By Sagar Shankaran, Founder of CallSphere
Run a 5% → 25% → 50% → 100% canary on a voice agent with Argo Rollouts, AnalysisTemplate against eval pass-rate, and the new Metric AI plugin from ArgoCon 2026.
Key takeaways
TL;DR — Argo Rollouts replaces a Deployment with a Rollout CRD. AnalysisTemplates measure live metrics (eval pass-rate, p95 first-token latency, error budget burn) at each step. The Metric AI plugin from ArgoCon 2026 lets the rollout controller reason about why a metric moved, not just whether it crossed a threshold.

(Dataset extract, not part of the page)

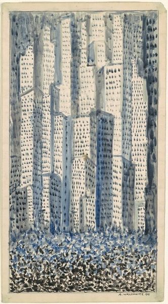 Editor: So, this is Fernand Léger’s "New York," a mixed-media collage and painting. It's fascinating how he combines geometric shapes to evoke the cityscape, but there's also something very abstract about it. What symbols jump out at you? Curator: The most striking elements are the contrasting geometric forms representing urban architecture alongside these biomorphic shapes that seem to float freely, yes? It is an almost diagrammatic city, not necessarily a lived-in space, but a conceptual one. Consider the ladder-like scaffolding, an emblem of constant building and renewal in New York. How do those associations strike you? Editor: They feel disjointed, like two separate languages forced together. Is that intentional, do you think? To capture a sense of urban disconnect, even amidst constant change? Curator: Possibly. Léger experienced New York’s intense industrial energy firsthand, and this piece seems to mediate those two forces – nature and technology – that define the modern experience. Does the layering of shapes over buildings change your feeling about them? Editor: It does – it's less about recognizable structures and more about impressions and feelings that add some lightness, rather than purely cold steel and geometry. They help break up what would otherwise feel oppressive. Curator: I'd agree. The stark contrasts in form serve as powerful visual cues representing both the excitement and alienating qualities of modern life, and what could be easily lost. Editor: I didn’t think about the forms working against oppression, but that makes so much sense. I see Léger wrestling with representing this burgeoning metropolis. Curator: Yes, me too. Thinking about it symbolically helps unravel the complexity, adding to a fuller understanding of cultural tension.

An Argo Rollouts Rollout for the voice agent: 5% → 25% → 50% → 100% with AnalysisTemplates that hit our internal eval harness and Prometheus, plus the Metric AI plugin to root-cause regressions and auto-rollback.
flowchart LR
GIT[deploy repo] --> ROLL[Rollout CRD]
ROLL -->|5%| C1[canary v2]
C1 --> ANA[AnalysisTemplate]
ANA -->|prom + evals| METRIC[Metric AI plugin]
METRIC --> DECIDE{Pass?}
DECIDE -->|yes| C2[25% canary]
DECIDE -->|no| RB[Auto rollback]
C2 --> C3[50%]
C3 --> FULL[100%]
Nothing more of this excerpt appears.